== What the exercise asks ==
The data below should be restated word for word, pictures omitted.

== Dataset section ==
═══

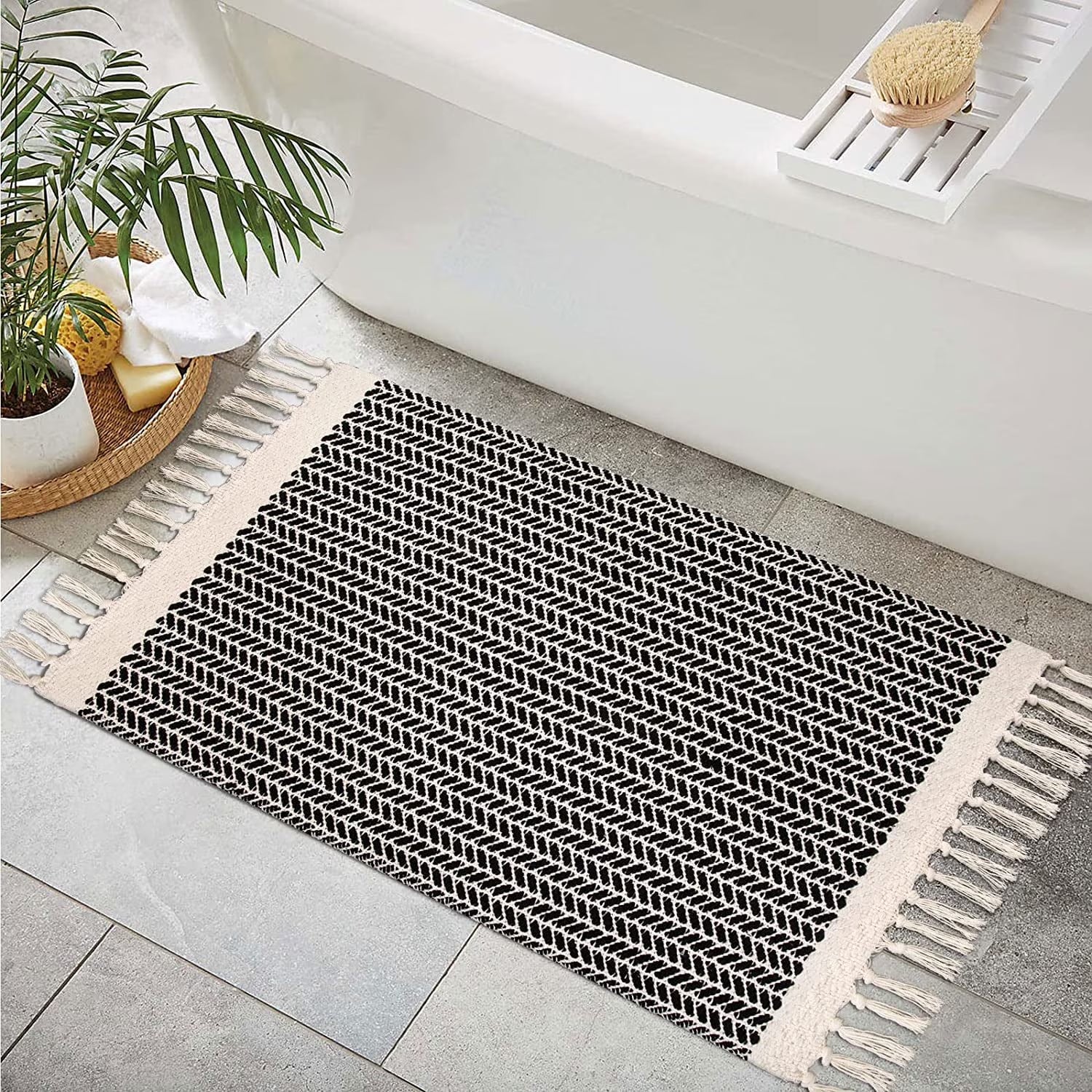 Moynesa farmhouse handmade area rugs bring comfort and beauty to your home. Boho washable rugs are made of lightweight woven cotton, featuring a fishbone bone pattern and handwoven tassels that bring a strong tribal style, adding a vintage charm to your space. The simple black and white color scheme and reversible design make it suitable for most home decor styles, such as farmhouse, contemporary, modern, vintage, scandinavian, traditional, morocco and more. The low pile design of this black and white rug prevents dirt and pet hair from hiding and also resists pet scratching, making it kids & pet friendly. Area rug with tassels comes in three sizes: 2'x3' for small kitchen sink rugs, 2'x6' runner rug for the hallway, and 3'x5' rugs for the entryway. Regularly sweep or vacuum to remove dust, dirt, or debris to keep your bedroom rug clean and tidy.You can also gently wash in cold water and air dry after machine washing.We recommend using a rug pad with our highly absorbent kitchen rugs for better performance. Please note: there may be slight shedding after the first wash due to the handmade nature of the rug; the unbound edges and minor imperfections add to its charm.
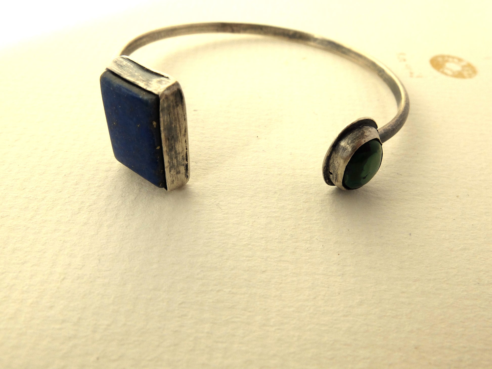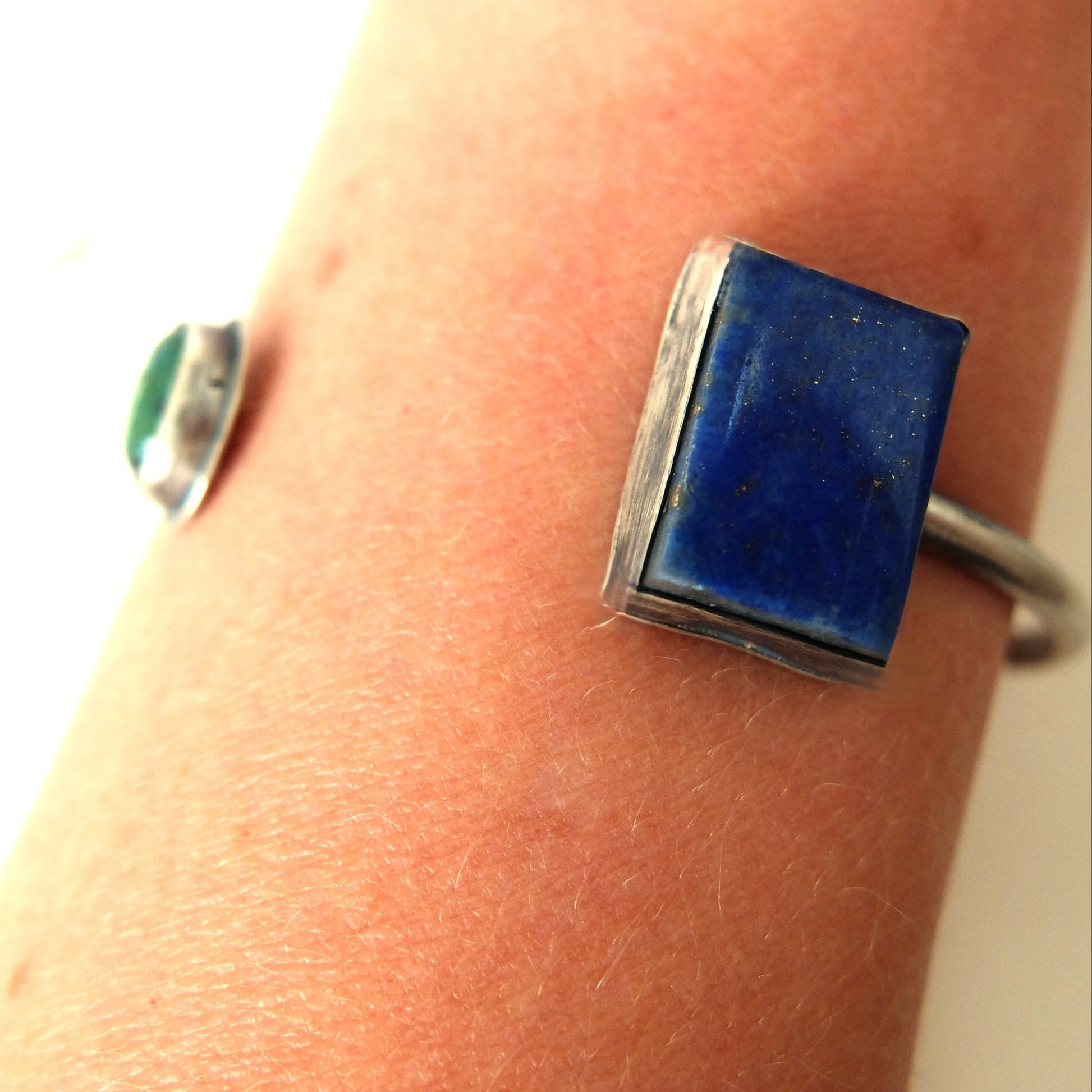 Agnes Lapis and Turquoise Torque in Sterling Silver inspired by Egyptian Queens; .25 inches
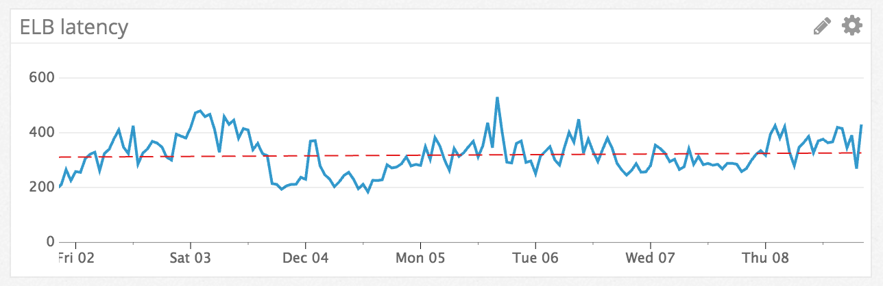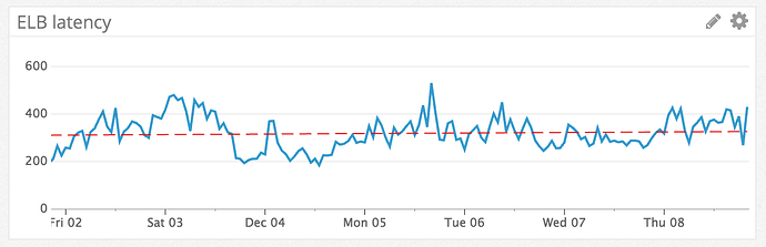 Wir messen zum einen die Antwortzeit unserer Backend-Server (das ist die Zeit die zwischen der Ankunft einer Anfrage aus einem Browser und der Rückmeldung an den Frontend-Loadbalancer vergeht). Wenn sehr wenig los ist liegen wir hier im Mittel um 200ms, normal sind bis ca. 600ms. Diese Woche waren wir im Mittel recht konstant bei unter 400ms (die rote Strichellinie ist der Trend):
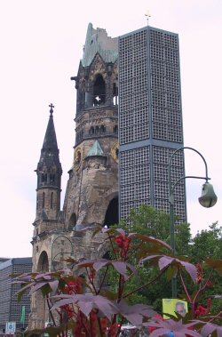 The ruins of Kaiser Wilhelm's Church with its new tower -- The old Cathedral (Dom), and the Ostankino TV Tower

═══

== Result of this task ==
 Moynesa farmhouse handmade area rugs bring comfort and beauty to your home. Boho washable rugs are made of lightweight woven cotton, featuring a fishbone bone pattern and handwoven tassels that bring a strong tribal style, adding a vintage charm to your space. The simple black and white color scheme and reversible design make it suitable for most home decor styles, such as farmhouse, contemporary, modern, vintage, scandinavian, traditional, morocco and more. The low pile design of this black and white rug prevents dirt and pet hair from hiding and also resists pet scratching, making it kids & pet friendly. Area rug with tassels comes in three sizes: 2'x3' for small kitchen sink rugs, 2'x6' runner rug for the hallway, and 3'x5' rugs for the entryway. Regularly sweep or vacuum to remove dust, dirt, or debris to keep your bedroom rug clean and tidy.You can also gently wash in cold water and air dry after machine washing.We recommend using a rug pad with our highly absorbent kitchen rugs for better performance. Please note: there may be slight shedding after the first wash due to the handmade nature of the rug; the unbound edges and minor imperfections add to its charm.
 Agnes Lapis and Turquoise Torque in Sterling Silver inspired by Egyptian Queens; .25 inches
 Wir messen zum einen die Antwortzeit unserer Backend-Server (das ist die Zeit die zwischen der Ankunft einer Anfrage aus einem Browser und der Rückmeldung an den Frontend-Loadbalancer vergeht). Wenn sehr wenig los ist liegen wir hier im Mittel um 200ms, normal sind bis ca. 600ms. Diese Woche waren wir im Mittel recht konstant bei unter 400ms (die rote Strichellinie ist der Trend):
 The ruins of Kaiser Wilhelm's Church with its new tower -- The old Cathedral (Dom), and the Ostankino TV Tower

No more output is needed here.